Italian Folktales ~ Day 7 (July 1, 2011), Fiames to Sennes

Day 1 of the hike. Both wonderful and difficult. 13 kilometers of steady uphill hiking on crushed stone trails. Total gain of about 1000 meters in elevation.

Preparing at Fiames

Finally! Packs on our backs, boots on our feet, realizing the plan that we’d hatched all those years ago. Blue-sky day. Friends to keep us company. Some of us took a lot of pictures. Two of us hashed over the details of the Harry Potter books and movies for many kilometers. Two others were the map keepers. We laughed a lot, talked about Italy and food and lost luggage and all sorts of things, spent a lot of time looking up, pointing, exclaiming, “Look at that!”

Ra Stua bound

Setting out on the trail to Sennes

We stopped at Malga Ra Stua to eat our first picnic lunch of bread, cheese, salami, apples, and chocolate.

Malga Ra Stua - 6,890'

After lunch, we hiked through the loveliest, sheltered valley. Green, sloped pastures, dotted with grazing cows.
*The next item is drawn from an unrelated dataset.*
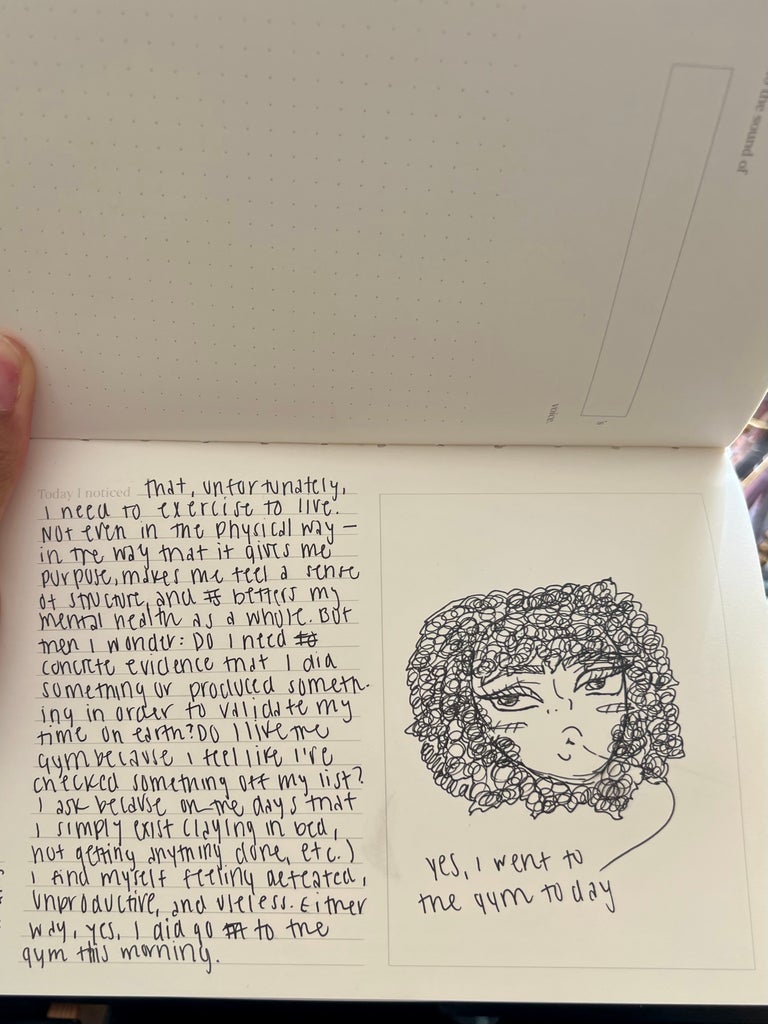 Every page keeps me on my toes, which is most likely why, at the very least, I doodle in it once a day. One page has dotted lines, the next is completely blank, another page has a daunting empty box accompanied by a few lines, and the list goes on. Plus, there are no rules. I’d go as far as to say the journal is a tad unhinged. I asked myself, “Am I supposed to doodle here?” Soon I remembered it was my journal and I can use it however I’d like.

Each one wore a bell, and the whole valley rang with the sound of the meandering bells.

More cowbell

Cliffs

See where the trail disappears in the trees? Just about there, at the trees, the trail begins to rise again, gently at first, then gradually more steeply until it twists itself into a series of switchbacks (a word that, by order of the resident 12-year-old, is now not to be uttered within her hearing). See those cliffs? By the end of the afternoon, we’d be above them.

Getting higher

It was hard hiking, and hardest on the youngest of our party, just shy of 12 years old and the least experienced hiker in the bunch. After a point, every step for her was a misery, and I felt like a hard-hearted parent forcing her up those trails. I wished with everything in me that there was a way I could magically transport her to the end, where rest, food, and a bed awaited.

But there was no magic. Only patient waiting, and kidding, and laughing, and sighing in exasperation, and grumbling, and snacking, and making mini milestones that we could achieve (“at the bend of the next switchback, we’ll stop and have some chocolate”).

In the end, no magic was needed. Just persistence. She did it. Under her own power.

She owned that mountain.

On the plateau

Sennes Hutte

And then we were there, at Sennes Hutte, drinking beer, wine, and hot cocoa, ruminating over the day’s hike, anticipating a warm shower, and basking in the sunset view we’d earned.